Озирский в упор смотрел на меня огромными зелёными глазами. Он смахнул пальцами слёзы. Мать уже рыдала в голос, закрыв лицо руками. Меня же горло отвлекало от всего. Хотелось пойти в спальню и прилечь. Но я не мог, не хотел оставлять их одних.
– Нет, Андрюшенька. Мы вот ждём с Русиком.
– Есть у нас в Питере Каменноостровский проспект. Раньше он назывался Кировским. Там начали по весне балконы падать – на головы людям. Никогда такого прежде не было.
Озирский вдруг улыбнулся – слезливо, как пьяный. Он будто бы до сих пор ничего не понимал. Мать пыталась оттереть размазавшуюся помаду. Волосы её мокрыми сосульками повисли над тарелкой. Я вилкой ткнул себя в ладонь посильнее, потому что ничего не соображал.
Андрей полез за сигаретами. Я хотел попросить, но при матери не решился.
– Не сосулька? Неужели балкон, Андрюша?
Мать выдохнула дым, похлопала своими тяжёлыми веками. Какая же она красивая, даже сейчас! И почему мне никак такую девчонку не найти?…
Я увидел, что Андрей весь дрожит. Меня тоже познабливало. Может, мы оба чем-то заболели?
– Мэр* довёл город до полной разрухи. Питер снегом занесён, почти как в блокаду. Лёд в полметра толщиной. Ни разу его не скалывали – даже в центре. И песком не посыпают. Сугробы намело в человеческий рост. Про сосульки уже не говорю. Само собой, что люди от них гибнут. У нас ведь климат влажный, всё время ветер с моря. И такие бороды намерзают! Так теперь балконы стали рушиться. Особенно в центре, в старом фонде.
– А у вас тоже выборы будут в этом году? – спросила мать, всхлипнув.

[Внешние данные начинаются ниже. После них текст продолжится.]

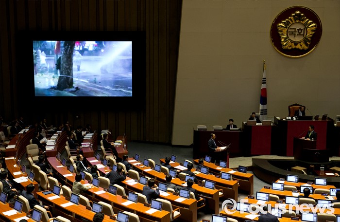 (서울=포커스뉴스) 5일 오후 서울 여의도 국회에서 열린 343회 국회(임시회) 7차 본회의, 정치·외교·통일·안보·교육·사회·문화에 관한 질문에 참석한 이용주 국민의당 의원이 홍윤식 행정자치부 장관에게 백남기 농민 사건 관련 질문하고 있다.

– Выберут того же самого, куда денутся!
Озирский скрипнул зубами, дёрнул кадыком. Он у Андрея торчит, как камень. Оттого и голос низкий.
– Презентации, вояжи, скачки-рауты, дискуссии, политическая трескотня… И нуль дела, полный нуль! Не Северная столица у нас, а форменный хлев. Дороги, как после бомбёжки. Ухабы, рытвины, и всё это подо льдом. И сплошные заносы, которые никто не расчищает. У меня в агентстве так парень погиб. На захвате уцелел, а когда ехал домой, на автобусную остановку налетел трейлер. Его занесло на проезжей части. Трейлер, вдумайтесь! А что говорить о легковушках? Я ведь Павлика специально отправил на автобусе, чтобы он за руль после бессонной ночи не садился. Предлагал отоспаться в офисе, так ему срочно домой потребовалось. Свободных машин не оказалось. И ехать-то недалеко – на Торжковскую улицу. Он в том доме жил, где почта. И вот – результат. Мало мне двух погибших, мало Ронина. Теперь ещё и Франсуаза! И после каждого случая на меня – косые взгляды, проверочки под благовидными предлогами. Ведь дыма без огня не бывает. Отсидел в СИЗО три недели. А вдруг криминал имеется?